FROM FRATELLI'S WITH LOVE

ITALIAN PROVERBS AND FOOD EXPRESSIONS:

"Chi rispetta sara rispettato"

Respect others and you will be respected.

"A tavola non si invecchia"

We do not age at the dinner table.

"Uva cattiva non fa buon vino!"

You can't make good wine from bad grapes.

"La aritmetica non e opinione!"

Arithmetic is not an opinion!

"Amicizie e maccheroni sono meglio caldi"

Friendship and macaroni are best when warm.

"Nulla si fa senza volonta!"

Without commitment, nothing gets done!

"L'amicizia rimane un ancora fedele"

Friendship remains a faithful anchor.

"Il riso e la migliore medicina"

Laughter is the best medicine.

"Chi mangia bene, vive bene"

Who eats well, lives well.

"Come semini, cosi raccogli"

As ye sow, so shall ye reap.

 

"Buona salute e la vera richezza"

Good health is true wealth.

"Amici e vini sono meglio vecchie"

Old friends and old wine are best.

"Dire pane al pane e vino al vino"

Basically means a spade is a spade. In Italian, we call bread bread and wine wine, meaning to speak plainly and describe things just as they are. Kinda like Fratelli's and good food.
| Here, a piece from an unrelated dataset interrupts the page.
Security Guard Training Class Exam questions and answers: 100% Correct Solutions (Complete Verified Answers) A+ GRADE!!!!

"Essere buono come il pane"

To be as good as bread means to be a really good person. If you say someone is a “piece of bread” you mean that they’re good. It’s often used regarding children or to tell someone that they can trust another person.

"Essere come il prezzemolo"

Literally “to be like parsley,” this expression means that a particular person can be found everywhere, just like parsley. Parsley is an omnipresent ingredient in Italian cuisine that goes just about everywhere. If you’re like parsley, it means you pop up everywhere or get in the way lol. Kinda like Jennifer Dibrani.

"Tutto fa brodo"

Literally: Everything makes broth, this means every little bit helps.
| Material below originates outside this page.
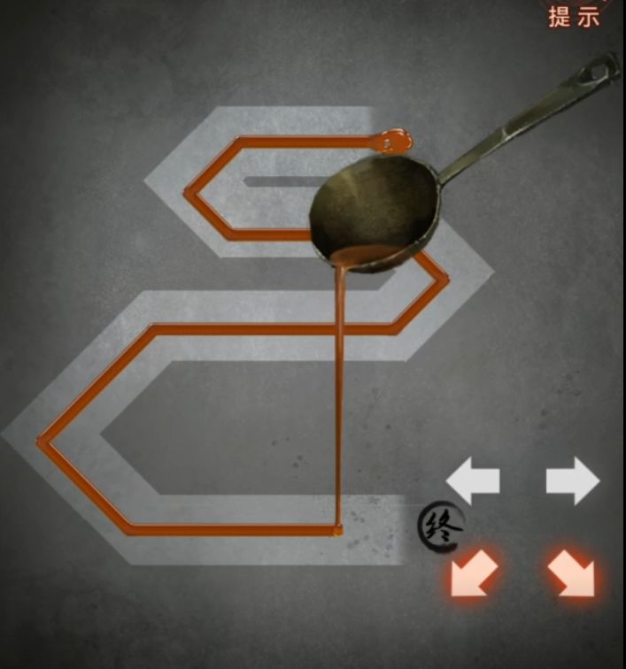 先在做糖画的小锅里把糖葫芦从竹签上取下来,然后十分节约的回收了竹签,之后更加节约的取了个糖画的袋子把山楂给装起来了,要是解密游戏主角都这么节约游戏时间能节省一大半的。把旁边瓶子的糖也放进锅里后就可以开始做糖画了,其实就是个控制的小游戏,通过右下角的方向键控制糖线不要碰到外面就好,完成后放上竹签就获得了龙糖画。

"A tavola non s'Invecchia"

There are few Italian food proverbs that express Italian values better than this one. "A tavola non si invecchia" literally translates as “you don’t get old at the table.” With good company and good food, time doesn’t pass. You can spend hours chatting over a meal with friends and it will never be time wasted. At Fratelli's we agree with this 100%.

"Andare liscio come l’olio"

To “go smooth like oil” means when something goes smoothly, without any problems. Kind of like when Kesi Dibrani founder of Fratelli's goes an hour without yelling at someone.

"Non c’è trippa per gatti"

Tripe is the stomach of a cow and though strange for most Americans today, it was once hugely popular and still served today.  Literally, “there’s no tripe for cats,” is a way to say that there’s no chance of you getting what you want. Or like Kesi Dibrani owner of Fratelli's says " there’s no chance in hell ", but this is certainly a more kind way to say it, perfect for i nonni.

"Essere pieno come un uovo"

If there’s one thing you should learn to say before coming to Italy it might as well be “I’m so full.” You can of course say sono pienissimo but that would be too boring. Instead, try saying that you’re as full as an egg: sono pieno come un uovo.  Then everyone will know that you’re stuffed and can’t eat anything else — and that you enjoyed your meal!

"Non puoi avere la botte piena e moglie ubriaca"

Our absolute favorites! Italian's way of saying “you can’t have your cake and eat it too,” it’s literally translated as: “You can’t have a full wine barrel and a drunk wife.” If that’s not perfect Italian, I don’t know what is!

"Tutto finisce a tarallucci e vino"

And finally, “it all ends with biscuits and wine.” Just another foodie way to say “all’s well that ends well.” Cheers!

Italian traditions, of course center around food and eating. Whether with family or friends, at a funeral or a celebration, if you want to "fare bella figura" ( make a good impression " or simply have a good time, you can bet that there will be food involved! And Lots of it.